As the market has moved on to value and cyclical elements, there are a lot of otherwise very healthy companies that have just gotten left behind because investors have chosen not to buy them. I think there are great franchises in health care, there are the utilities that give you all the consistency you would want in a portfolio. So, these businesses remain great, pandemic or no pandemic. Just because of how the market is behaving, these stocks have gotten left behind.
Technology increasingly plays a bigger and bigger role in our lives. I think just by virtue of that, it’s a sector that one should have exposure to. We continue to like technology, especially after the recent pullback. So, like I said, since November 2020, the market has moved away from growthy elements of the market towards more cyclical. So, as a result, we’ve seen technology stocks lag in a fairly meaningful way. So, those that we like we’re ready to invest in them even more aggressively.

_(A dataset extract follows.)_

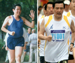 圖左,1998年5月31日,馬英九在30日宣布參選臺北市長,在住所附近興隆公園晨跑,10.5公里成績是47分55秒。圖右,2009年4月19日,馬英九在宜蘭蔣渭水高速公路參加馬拉松比賽,5公里耗時27分43秒。來源:臺灣《聯(lián)合報》
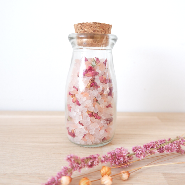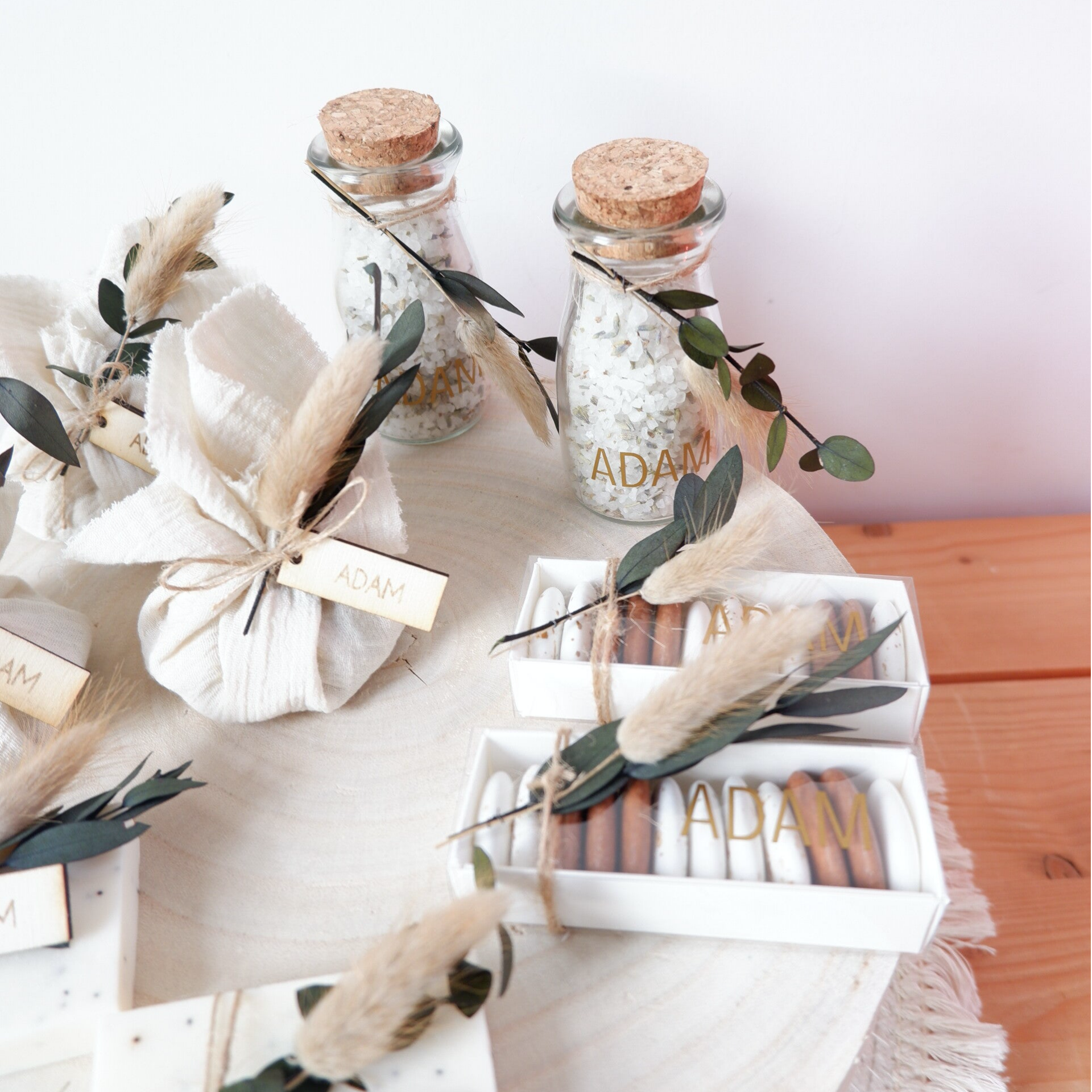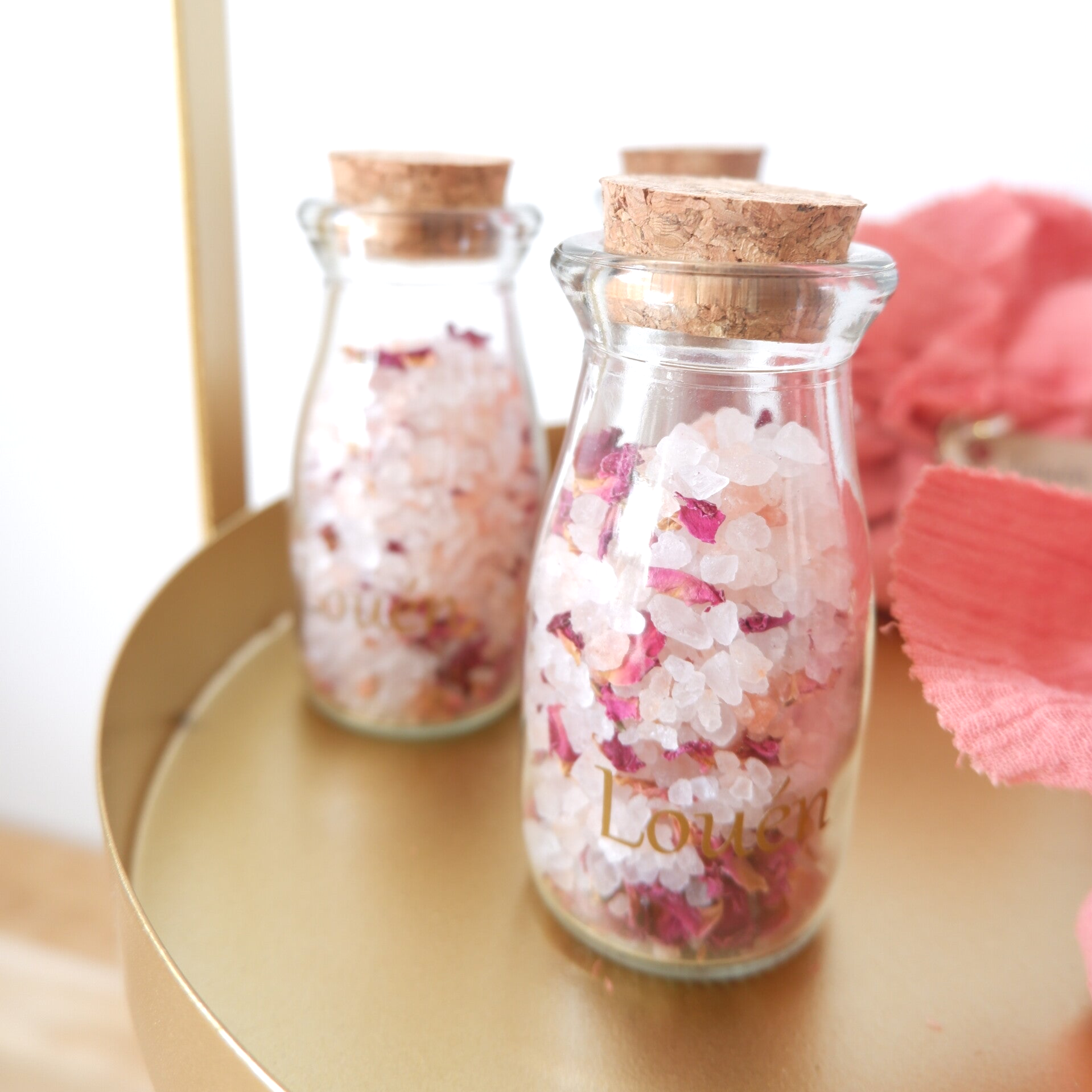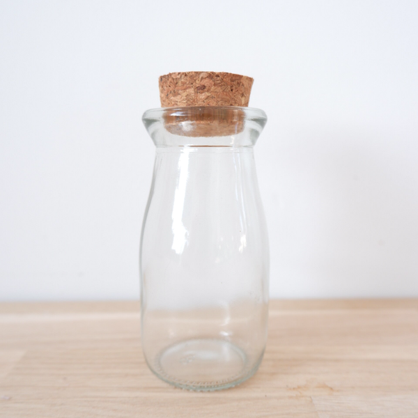 Glazen flesje met een kurken stop. Past leuk in een doopsuikergeheel, ook tof om te geven als bedankje bij een communie/lentefeest of huwelijk.

We also like consumer stocks at this point. And I think it’s fairly obvious why. I think there’s massive pent-up demand from consumers. Savings rates have gone up through the pandemic. People really haven’t had much in terms of avenues to spend their money, whether it’s taking a trip or going to the mall or to the movies, what have you. Once we are able to do that, I think there is going to be a lot of consumer spending in that space. When we look at consumer stocks, I would say, we recognize that stocks should be valued differently in a world where there’s a pandemic with no vaccine, and I think valuation should be different when we’re in a pandemic with a vaccine. And I think we are in the latter stage right now. And a lot of the consumer stocks, I think, will benefit as people get out and do everything that they haven’t been able to do over the last year or so.
Somewhat related, we also like travel-related stocks. In a world when there’s a pandemic with no vaccine, I think you would want to shy away from those stocks. But now that we have not one but multiple proven vaccines, we are trying to take baby steps back into that space. Given that we are not completely past the pandemic, I would say, we would still lean towards travel-related stocks that do not involve crossing international borders. I think that happens at the very end. So, think of activities like going to the movies, restaurants, domestic travel. I think those would be great places to be in through the summer as people have the opportunity to start spending money and do things that they haven’t really been able to over the last one year.